Combs does not dispute the principles explained in the three cases cited by Dart. She contends, however, that none of those cases involved the dismissal of a request to modify child support and that those principles are not applicable to this case.
The family court herein elected to apply the principles in the cases cited by Dart and made findings concerning each of the six factors to be considered. Turning back to the holding of our Supreme Court in Turner, we again note that it was within the trial court's discretion to impose sanctions, "even severe ones," against Dart for his failure to comply with discovery orders. Turner, 413 S.W.3d at 279. We particularly note the family court's conclusion that
[w]hile alternative sanctions could be imposed on Respondent, the probability of achieving the Court's objective, to have Respondent comply with all orders of the Court and to pay his child support obligations, is highly unlikely given Respondent's continued patterns of disregarding the orders of the Court.We find no abuse of discretion in the CR 37.02(2) sanction imposed on Dart by the family court.
Dart also contends that he was entitled to have the court rule on his motion for modification regardless of whether or not he is ever deposed. He claims that the court erred in ruling that his motion could not proceed until Combs's counsel had the opportunity to depose him, citing in support KRS 403.213. Dart did not, however, elaborate or state why he believed that statute supports his argument, and we fail to see how it does so. In short, Dart has not demonstrated, to our satisfaction, the merits of his argument that Combs was not entitled to discovery by deposition prior to Dart's motion to modify being heard.
Kentucky Revised Statutes. --------
Dart next argues that all his contempt orders must be set aside and all warrants withdrawn. He maintains that a local rule required that he be served with the contempt motion and that he was not. Nevertheless, Dart did have counsel to represent him at the hearing, and there is nothing to indicate that Dart was not aware of the contempt proceedings.
He also asserts that no finding of contempt or warrant for arrest should have been entered without a finding by the court that he did not have the ability to pay the child support. In this regard the court had made findings as to Dart's ability to pay when it set the support amount initially. Thereafter, as show-cause orders placed the burden on Dart to show why he was not in contempt for nonpayment and Dart failed to respond, the court did not err in finding Dart in contempt and in issuing warrants for his arrest.

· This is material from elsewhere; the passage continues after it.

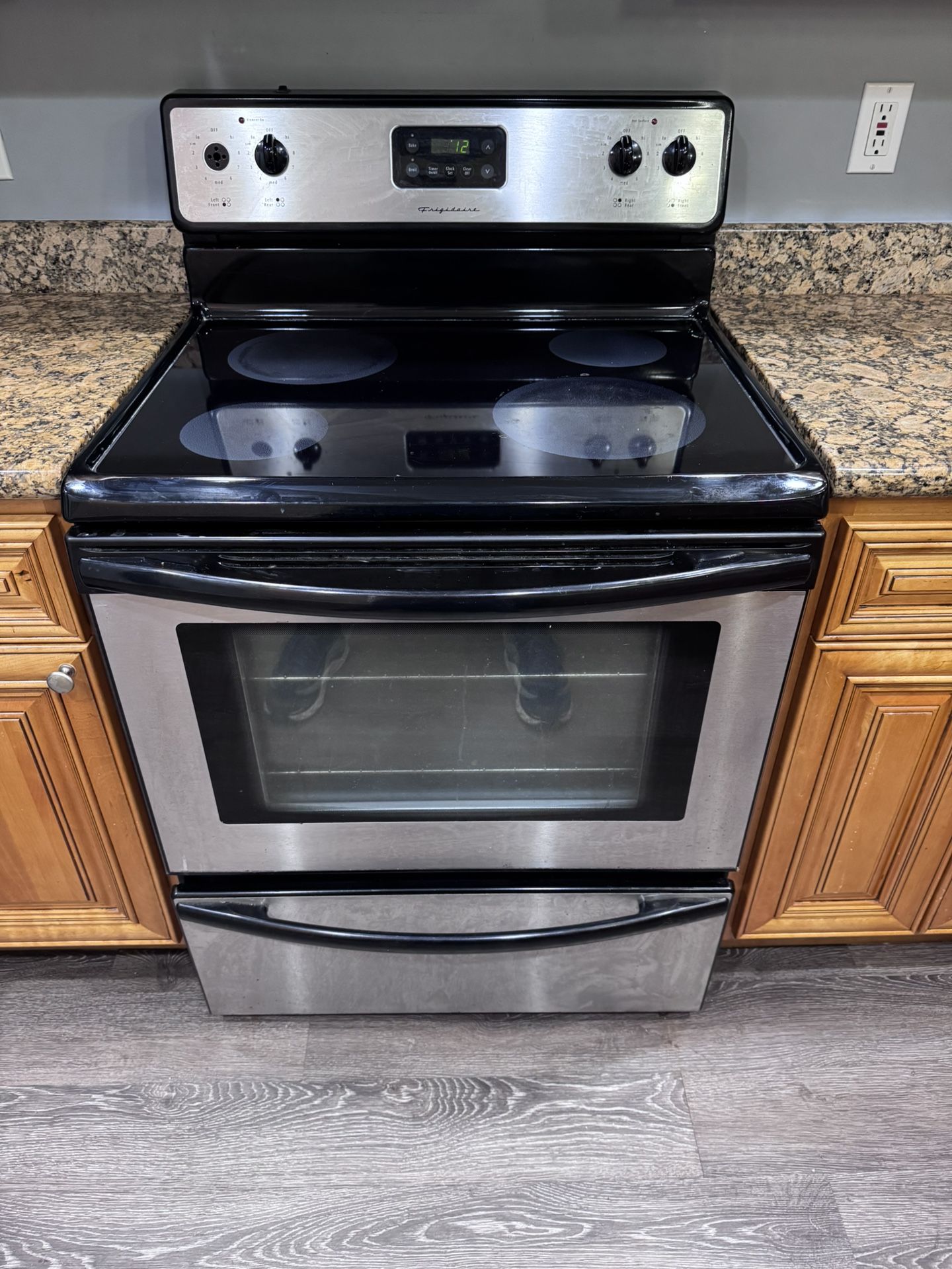 30 inch wide Frigidaire stove. Approximately 45 inches at its highest in the back and approximately 28 inches at its deepest to the front handles. Oven light works but there is no bulb there. Oven and burners work. However small front left burner has no knob so unable to turn this one on.

Finally, Dart argues that the family court's arrearage order "was, is and always will be unlawful" because there was no fact finding that he had the ability to pay. He cites Clay v. Winn, 434 S.W.2d 650 (Ky. 1968), in support of this argument. In that case the appellate court held that the inability to pay past due child support is a valid defense in a child support enforcement case. Id. at 652. Thus, Dart contends that the arrearage order must be reversed or vacated.
We have examined the order establishing arrearage dated February 2, 2017, and find no mention in that order of a finding of contempt. The order simply determines the arrearage amount. The arrearage amount and whether Dart was in contempt are separate determinations.
Dart's argument in this regard seems to be that the arrearage order is invalid because the initial child support orders were "unlawful" because he did not have the ability to pay them. As we have noted previously herein, the initial child support order was affirmed by the Court in its consideration of Dart's previous appeal. In short, we fail to see merit in Dart's argument that the arrearage order is erroneous or should be reversed or vacated.
For the foregoing reasons, the orders of the Pulaski Family Court are affirmed.